EXERCISE DESCRIPTION: Set down the records again. Every word and mark must match exactly.

DATA FOR ANALYSIS:
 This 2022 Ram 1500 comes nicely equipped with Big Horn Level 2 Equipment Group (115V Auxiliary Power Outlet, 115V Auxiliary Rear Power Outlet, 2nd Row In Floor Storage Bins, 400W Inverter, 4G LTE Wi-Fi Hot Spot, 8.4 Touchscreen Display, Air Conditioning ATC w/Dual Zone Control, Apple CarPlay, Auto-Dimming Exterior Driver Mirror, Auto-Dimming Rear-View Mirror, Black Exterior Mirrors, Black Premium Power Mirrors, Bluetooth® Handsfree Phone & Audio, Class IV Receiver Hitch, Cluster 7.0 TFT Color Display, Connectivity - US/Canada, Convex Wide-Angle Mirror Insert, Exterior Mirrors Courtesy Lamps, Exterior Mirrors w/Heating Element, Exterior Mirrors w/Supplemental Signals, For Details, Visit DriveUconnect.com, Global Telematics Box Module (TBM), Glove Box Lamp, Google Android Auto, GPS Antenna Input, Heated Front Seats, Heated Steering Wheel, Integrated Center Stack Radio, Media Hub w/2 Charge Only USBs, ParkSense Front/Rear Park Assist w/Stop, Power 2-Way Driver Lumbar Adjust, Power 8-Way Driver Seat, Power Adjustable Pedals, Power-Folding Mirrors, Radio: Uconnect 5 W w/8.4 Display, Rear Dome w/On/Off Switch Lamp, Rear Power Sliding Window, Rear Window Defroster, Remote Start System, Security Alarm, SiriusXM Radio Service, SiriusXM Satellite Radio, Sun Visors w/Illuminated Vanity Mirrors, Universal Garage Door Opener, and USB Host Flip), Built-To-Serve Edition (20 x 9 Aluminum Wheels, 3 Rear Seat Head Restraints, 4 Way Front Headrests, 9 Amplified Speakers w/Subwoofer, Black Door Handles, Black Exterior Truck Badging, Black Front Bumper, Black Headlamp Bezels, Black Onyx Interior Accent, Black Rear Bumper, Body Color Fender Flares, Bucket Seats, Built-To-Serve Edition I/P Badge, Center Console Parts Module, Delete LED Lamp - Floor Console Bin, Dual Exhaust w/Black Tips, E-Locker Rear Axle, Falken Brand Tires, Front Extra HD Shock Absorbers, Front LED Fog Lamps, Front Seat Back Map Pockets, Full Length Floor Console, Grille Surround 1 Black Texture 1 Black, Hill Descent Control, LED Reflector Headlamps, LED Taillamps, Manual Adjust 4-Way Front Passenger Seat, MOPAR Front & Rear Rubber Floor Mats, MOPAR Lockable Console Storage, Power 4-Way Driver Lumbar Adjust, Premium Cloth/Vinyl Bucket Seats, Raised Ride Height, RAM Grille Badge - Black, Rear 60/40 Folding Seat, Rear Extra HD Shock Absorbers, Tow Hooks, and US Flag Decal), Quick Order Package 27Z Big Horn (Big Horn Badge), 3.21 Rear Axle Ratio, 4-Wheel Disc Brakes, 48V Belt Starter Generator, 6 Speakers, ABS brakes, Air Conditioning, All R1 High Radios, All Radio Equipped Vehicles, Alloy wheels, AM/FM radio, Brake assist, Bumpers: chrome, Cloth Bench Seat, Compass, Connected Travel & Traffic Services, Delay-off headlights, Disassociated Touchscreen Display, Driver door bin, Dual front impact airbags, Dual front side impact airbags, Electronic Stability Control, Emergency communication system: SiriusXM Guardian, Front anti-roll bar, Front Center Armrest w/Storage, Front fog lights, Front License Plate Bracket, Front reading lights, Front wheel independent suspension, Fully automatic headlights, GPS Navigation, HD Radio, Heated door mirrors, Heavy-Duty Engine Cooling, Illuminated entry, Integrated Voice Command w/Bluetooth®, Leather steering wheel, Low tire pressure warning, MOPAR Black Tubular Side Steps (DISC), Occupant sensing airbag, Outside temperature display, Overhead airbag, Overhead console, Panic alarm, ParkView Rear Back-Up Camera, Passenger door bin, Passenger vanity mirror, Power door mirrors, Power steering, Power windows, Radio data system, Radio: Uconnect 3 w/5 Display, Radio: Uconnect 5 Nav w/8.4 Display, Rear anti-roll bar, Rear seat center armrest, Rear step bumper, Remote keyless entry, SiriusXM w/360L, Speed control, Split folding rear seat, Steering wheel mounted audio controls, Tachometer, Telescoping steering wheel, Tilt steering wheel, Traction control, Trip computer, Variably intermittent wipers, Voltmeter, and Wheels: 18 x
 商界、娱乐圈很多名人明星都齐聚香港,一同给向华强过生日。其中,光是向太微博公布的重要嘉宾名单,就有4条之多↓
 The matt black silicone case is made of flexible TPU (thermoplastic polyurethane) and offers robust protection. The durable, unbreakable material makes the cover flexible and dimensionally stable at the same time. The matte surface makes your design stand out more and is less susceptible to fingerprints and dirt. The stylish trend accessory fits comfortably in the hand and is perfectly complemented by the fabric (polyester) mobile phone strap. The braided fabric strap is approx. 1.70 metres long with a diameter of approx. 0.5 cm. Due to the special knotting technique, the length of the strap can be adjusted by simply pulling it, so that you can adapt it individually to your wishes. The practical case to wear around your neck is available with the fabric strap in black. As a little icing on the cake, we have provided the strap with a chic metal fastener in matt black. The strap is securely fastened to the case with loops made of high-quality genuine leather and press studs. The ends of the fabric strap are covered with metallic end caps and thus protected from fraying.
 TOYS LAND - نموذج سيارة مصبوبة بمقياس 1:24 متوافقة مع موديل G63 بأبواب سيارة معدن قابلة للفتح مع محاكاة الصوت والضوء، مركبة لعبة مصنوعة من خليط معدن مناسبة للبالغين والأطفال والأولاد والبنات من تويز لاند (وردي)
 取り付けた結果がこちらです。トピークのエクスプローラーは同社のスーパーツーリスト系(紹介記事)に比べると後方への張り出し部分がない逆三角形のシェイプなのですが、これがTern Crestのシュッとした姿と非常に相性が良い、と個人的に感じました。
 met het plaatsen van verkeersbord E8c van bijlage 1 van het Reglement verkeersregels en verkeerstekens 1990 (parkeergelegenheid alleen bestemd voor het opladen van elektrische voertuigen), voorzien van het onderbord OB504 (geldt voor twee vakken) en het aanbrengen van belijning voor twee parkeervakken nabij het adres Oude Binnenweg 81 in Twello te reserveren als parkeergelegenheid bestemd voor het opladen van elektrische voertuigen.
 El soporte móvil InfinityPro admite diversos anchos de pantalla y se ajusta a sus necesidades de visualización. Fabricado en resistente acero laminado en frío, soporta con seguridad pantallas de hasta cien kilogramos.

SOLUTION TO THIS PROBLEM:
 This 2022 Ram 1500 comes nicely equipped with Big Horn Level 2 Equipment Group (115V Auxiliary Power Outlet, 115V Auxiliary Rear Power Outlet, 2nd Row In Floor Storage Bins, 400W Inverter, 4G LTE Wi-Fi Hot Spot, 8.4 Touchscreen Display, Air Conditioning ATC w/Dual Zone Control, Apple CarPlay, Auto-Dimming Exterior Driver Mirror, Auto-Dimming Rear-View Mirror, Black Exterior Mirrors, Black Premium Power Mirrors, Bluetooth® Handsfree Phone & Audio, Class IV Receiver Hitch, Cluster 7.0 TFT Color Display, Connectivity - US/Canada, Convex Wide-Angle Mirror Insert, Exterior Mirrors Courtesy Lamps, Exterior Mirrors w/Heating Element, Exterior Mirrors w/Supplemental Signals, For Details, Visit DriveUconnect.com, Global Telematics Box Module (TBM), Glove Box Lamp, Google Android Auto, GPS Antenna Input, Heated Front Seats, Heated Steering Wheel, Integrated Center Stack Radio, Media Hub w/2 Charge Only USBs, ParkSense Front/Rear Park Assist w/Stop, Power 2-Way Driver Lumbar Adjust, Power 8-Way Driver Seat, Power Adjustable Pedals, Power-Folding Mirrors, Radio: Uconnect 5 W w/8.4 Display, Rear Dome w/On/Off Switch Lamp, Rear Power Sliding Window, Rear Window Defroster, Remote Start System, Security Alarm, SiriusXM Radio Service, SiriusXM Satellite Radio, Sun Visors w/Illuminated Vanity Mirrors, Universal Garage Door Opener, and USB Host Flip), Built-To-Serve Edition (20 x 9 Aluminum Wheels, 3 Rear Seat Head Restraints, 4 Way Front Headrests, 9 Amplified Speakers w/Subwoofer, Black Door Handles, Black Exterior Truck Badging, Black Front Bumper, Black Headlamp Bezels, Black Onyx Interior Accent, Black Rear Bumper, Body Color Fender Flares, Bucket Seats, Built-To-Serve Edition I/P Badge, Center Console Parts Module, Delete LED Lamp - Floor Console Bin, Dual Exhaust w/Black Tips, E-Locker Rear Axle, Falken Brand Tires, Front Extra HD Shock Absorbers, Front LED Fog Lamps, Front Seat Back Map Pockets, Full Length Floor Console, Grille Surround 1 Black Texture 1 Black, Hill Descent Control, LED Reflector Headlamps, LED Taillamps, Manual Adjust 4-Way Front Passenger Seat, MOPAR Front & Rear Rubber Floor Mats, MOPAR Lockable Console Storage, Power 4-Way Driver Lumbar Adjust, Premium Cloth/Vinyl Bucket Seats, Raised Ride Height, RAM Grille Badge - Black, Rear 60/40 Folding Seat, Rear Extra HD Shock Absorbers, Tow Hooks, and US Flag Decal), Quick Order Package 27Z Big Horn (Big Horn Badge), 3.21 Rear Axle Ratio, 4-Wheel Disc Brakes, 48V Belt Starter Generator, 6 Speakers, ABS brakes, Air Conditioning, All R1 High Radios, All Radio Equipped Vehicles, Alloy wheels, AM/FM radio, Brake assist, Bumpers: chrome, Cloth Bench Seat, Compass, Connected Travel & Traffic Services, Delay-off headlights, Disassociated Touchscreen Display, Driver door bin, Dual front impact airbags, Dual front side impact airbags, Electronic Stability Control, Emergency communication system: SiriusXM Guardian, Front anti-roll bar, Front Center Armrest w/Storage, Front fog lights, Front License Plate Bracket, Front reading lights, Front wheel independent suspension, Fully automatic headlights, GPS Navigation, HD Radio, Heated door mirrors, Heavy-Duty Engine Cooling, Illuminated entry, Integrated Voice Command w/Bluetooth®, Leather steering wheel, Low tire pressure warning, MOPAR Black Tubular Side Steps (DISC), Occupant sensing airbag, Outside temperature display, Overhead airbag, Overhead console, Panic alarm, ParkView Rear Back-Up Camera, Passenger door bin, Passenger vanity mirror, Power door mirrors, Power steering, Power windows, Radio data system, Radio: Uconnect 3 w/5 Display, Radio: Uconnect 5 Nav w/8.4 Display, Rear anti-roll bar, Rear seat center armrest, Rear step bumper, Remote keyless entry, SiriusXM w/360L, Speed control, Split folding rear seat, Steering wheel mounted audio controls, Tachometer, Telescoping steering wheel, Tilt steering wheel, Traction control, Trip computer, Variably intermittent wipers, Voltmeter, and Wheels: 18 x
 商界、娱乐圈很多名人明星都齐聚香港,一同给向华强过生日。其中,光是向太微博公布的重要嘉宾名单,就有4条之多↓
 The matt black silicone case is made of flexible TPU (thermoplastic polyurethane) and offers robust protection. The durable, unbreakable material makes the cover flexible and dimensionally stable at the same time. The matte surface makes your design stand out more and is less susceptible to fingerprints and dirt. The stylish trend accessory fits comfortably in the hand and is perfectly complemented by the fabric (polyester) mobile phone strap. The braided fabric strap is approx. 1.70 metres long with a diameter of approx. 0.5 cm. Due to the special knotting technique, the length of the strap can be adjusted by simply pulling it, so that you can adapt it individually to your wishes. The practical case to wear around your neck is available with the fabric strap in black. As a little icing on the cake, we have provided the strap with a chic metal fastener in matt black. The strap is securely fastened to the case with loops made of high-quality genuine leather and press studs. The ends of the fabric strap are covered with metallic end caps and thus protected from fraying.
 TOYS LAND - نموذج سيارة مصبوبة بمقياس 1:24 متوافقة مع موديل G63 بأبواب سيارة معدن قابلة للفتح مع محاكاة الصوت والضوء، مركبة لعبة مصنوعة من خليط معدن مناسبة للبالغين والأطفال والأولاد والبنات من تويز لاند (وردي)
 取り付けた結果がこちらです。トピークのエクスプローラーは同社のスーパーツーリスト系(紹介記事)に比べると後方への張り出し部分がない逆三角形のシェイプなのですが、これがTern Crestのシュッとした姿と非常に相性が良い、と個人的に感じました。
 met het plaatsen van verkeersbord E8c van bijlage 1 van het Reglement verkeersregels en verkeerstekens 1990 (parkeergelegenheid alleen bestemd voor het opladen van elektrische voertuigen), voorzien van het onderbord OB504 (geldt voor twee vakken) en het aanbrengen van belijning voor twee parkeervakken nabij het adres Oude Binnenweg 81 in Twello te reserveren als parkeergelegenheid bestemd voor het opladen van elektrische voertuigen.
 El soporte móvil InfinityPro admite diversos anchos de pantalla y se ajusta a sus necesidades de visualización. Fabricado en resistente acero laminado en frío, soporta con seguridad pantallas de hasta cien kilogramos.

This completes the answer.